Pictures are not part of the copy. Reproduce all the records exactly.

[Start of Attachment]

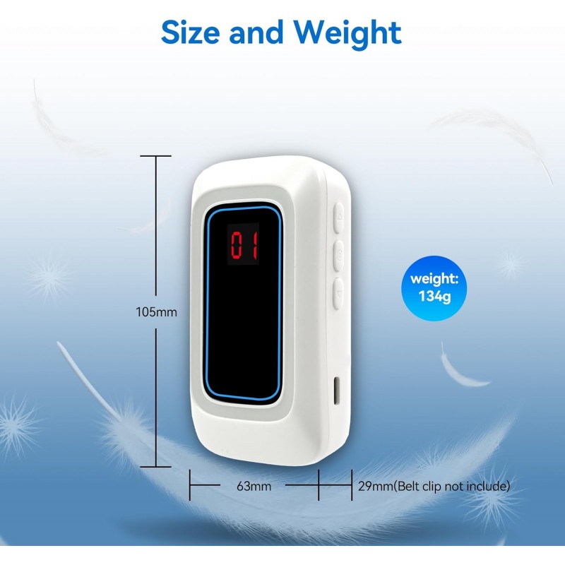 O recetor é leve, portátil e pode ser usado com clipe de cinto, cordão ou colocado na base de carregamento. A bateria de 1500 mAh oferece autonomia até 3 a 4 dias em standby e carrega totalmente em cerca de 7 horas.
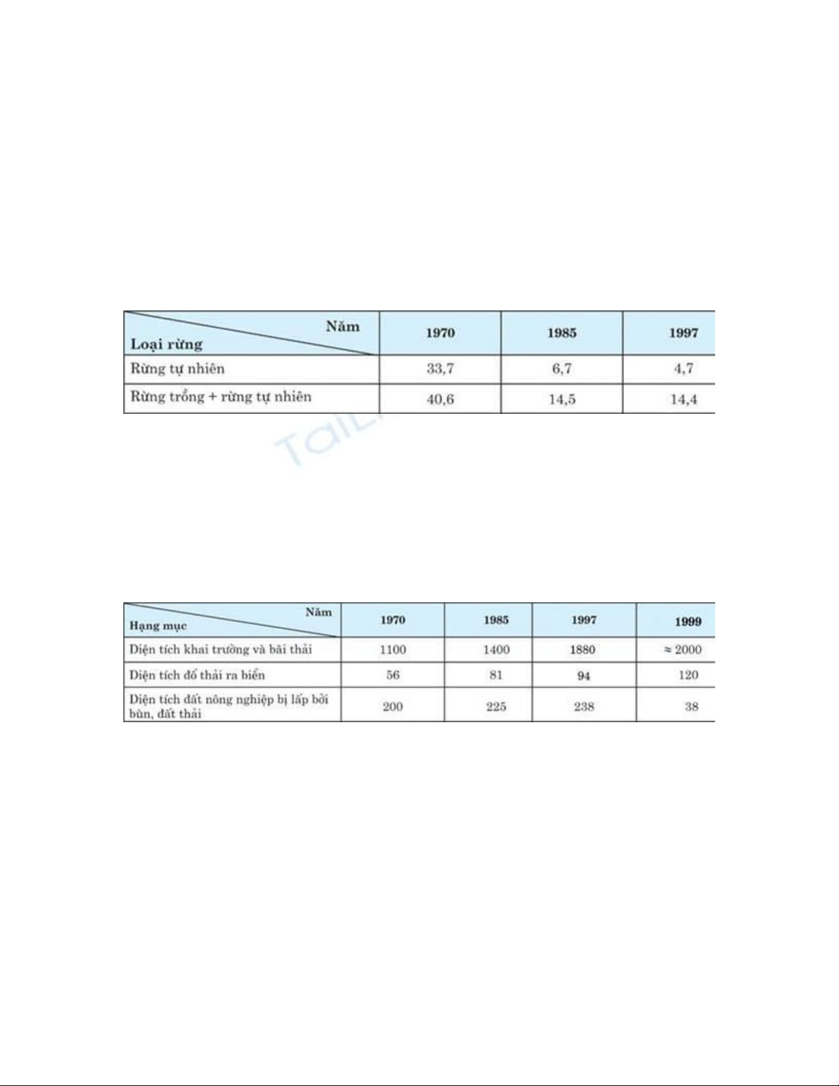 rừng tự nhiên từ 33,7% năm 1970 giảm xuống 6,7% (1985) và 4,7% (1997) (Bảng
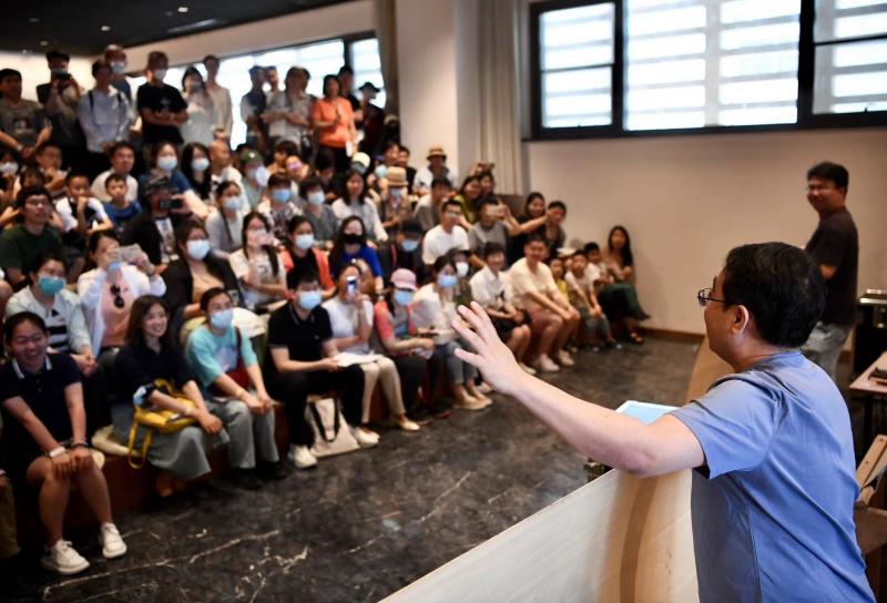 一樣樣示范后,鄭晨還和觀眾分享了一個自己的經(jīng)歷,“2005年復(fù)排《嘩變》,接到任務(wù)后我們正好赴美國演出《茶館》,于是我便帶上了《嘩變》的劇本想得空時熟悉下。那個戲其實給音效的空間并不大,只有汽笛聲、海鷗聲和軍歌。那次美國演出我們?nèi)チ伺f金山,巧合的是,在金門大橋下剛好是美國海軍基地太平洋艦隊司令部的舊址,正是《嘩變》劇本里劇情的發(fā)生地。于是我就在那里錄了當(dāng)時的環(huán)境音,海鷗以及海浪的聲音,聽著汽笛聲,感覺瞬時就穿越了?!爆F(xiàn)場,他為觀眾播放了自己當(dāng)時錄下的海鷗聲,而這個故事,鄭晨想傳遞給觀眾的是,音效作為話劇的一部分,每一部作品都希望聲音能與戲合拍,從中也能看到戲劇從業(yè)者的用心。
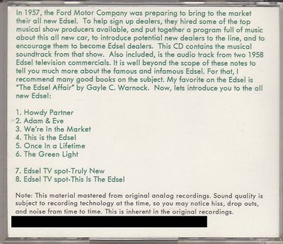 Title (ebay affiliate link): EDSEL AUTOMOBILE MUSICAL "ONCE IN A LIFETIME" CD (Recorded in 1957)
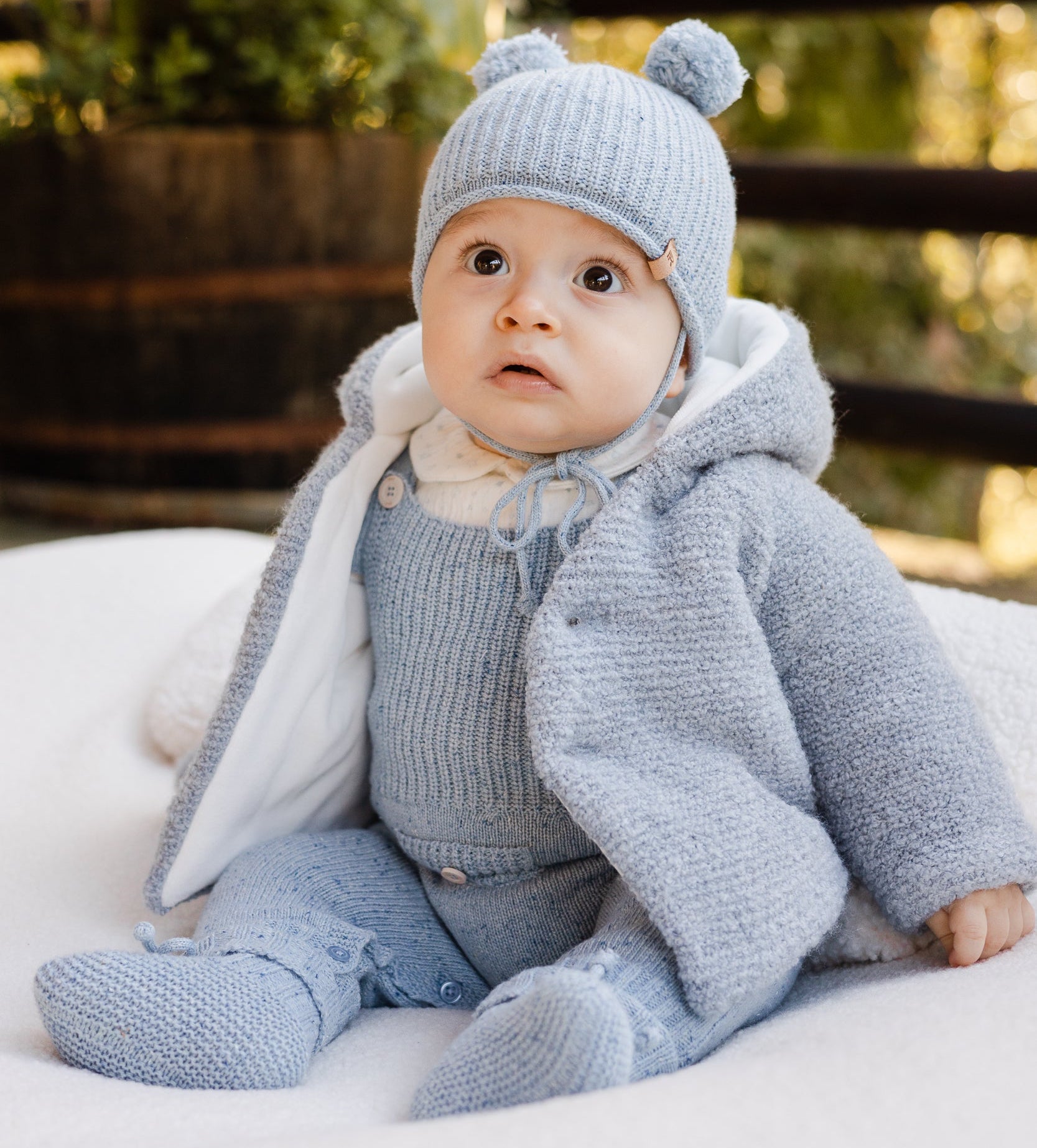 Knitted coat with hood
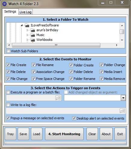 - Watch 4 Folder: This app lets you monitor folders on your system for various event (like file removal, renaming, free space, association changing, folder creation, renaming or removal, media insert, media deletion, etc.) and get message pop ups, desktop alerts, or execute specific action for defective activities.
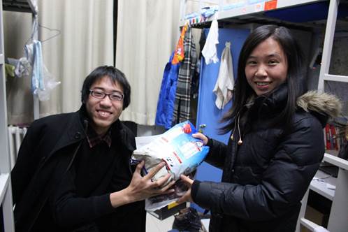 为了表达公司对于献血同学的关心,当晚7点半,球王会12级辅导员康妍妍代表球王会前往公司各员工公寓看望参与献血同学并为他们送去慰问品。
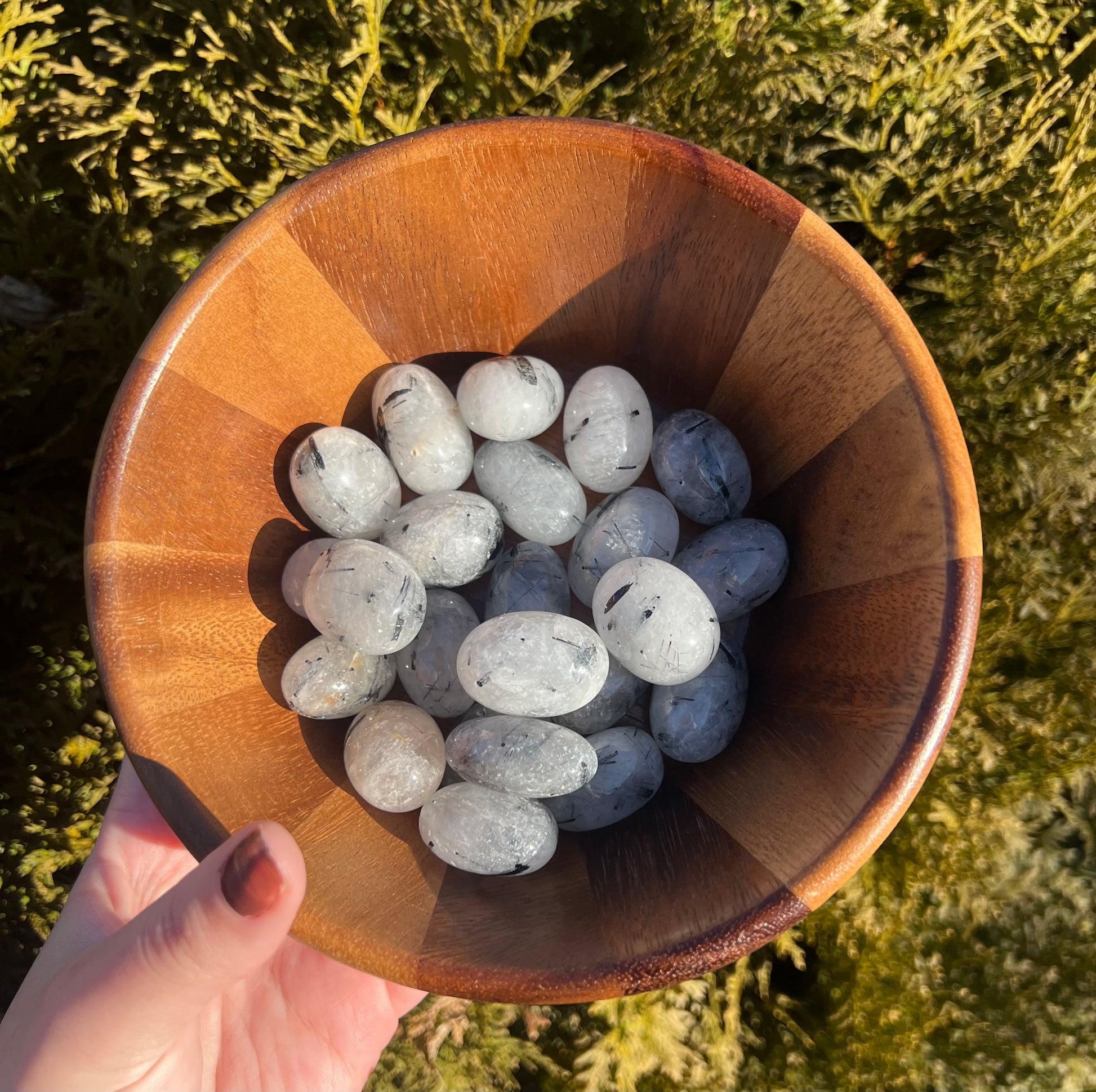 Black Rutilated Quartz tumbled stones are beautifully polished pieces of clear to smoky quartz naturally threaded with fine black rutile inclusions. These striking needle-like patterns create bold contrast and make each stone completely unique, with no two pieces ever looking the same.

[End of Attachment]

### Response
 O recetor é leve, portátil e pode ser usado com clipe de cinto, cordão ou colocado na base de carregamento. A bateria de 1500 mAh oferece autonomia até 3 a 4 dias em standby e carrega totalmente em cerca de 7 horas.
 rừng tự nhiên từ 33,7% năm 1970 giảm xuống 6,7% (1985) và 4,7% (1997) (Bảng
 一樣樣示范后,鄭晨還和觀眾分享了一個自己的經(jīng)歷,“2005年復(fù)排《嘩變》,接到任務(wù)后我們正好赴美國演出《茶館》,于是我便帶上了《嘩變》的劇本想得空時熟悉下。那個戲其實給音效的空間并不大,只有汽笛聲、海鷗聲和軍歌。那次美國演出我們?nèi)チ伺f金山,巧合的是,在金門大橋下剛好是美國海軍基地太平洋艦隊司令部的舊址,正是《嘩變》劇本里劇情的發(fā)生地。于是我就在那里錄了當(dāng)時的環(huán)境音,海鷗以及海浪的聲音,聽著汽笛聲,感覺瞬時就穿越了?!爆F(xiàn)場,他為觀眾播放了自己當(dāng)時錄下的海鷗聲,而這個故事,鄭晨想傳遞給觀眾的是,音效作為話劇的一部分,每一部作品都希望聲音能與戲合拍,從中也能看到戲劇從業(yè)者的用心。
 Title (ebay affiliate link): EDSEL AUTOMOBILE MUSICAL "ONCE IN A LIFETIME" CD (Recorded in 1957)
 Knitted coat with hood
 - Watch 4 Folder: This app lets you monitor folders on your system for various event (like file removal, renaming, free space, association changing, folder creation, renaming or removal, media insert, media deletion, etc.) and get message pop ups, desktop alerts, or execute specific action for defective activities.
 为了表达公司对于献血同学的关心,当晚7点半,球王会12级辅导员康妍妍代表球王会前往公司各员工公寓看望参与献血同学并为他们送去慰问品。
 Black Rutilated Quartz tumbled stones are beautifully polished pieces of clear to smoky quartz naturally threaded with fine black rutile inclusions. These striking needle-like patterns create bold contrast and make each stone completely unique, with no two pieces ever looking the same.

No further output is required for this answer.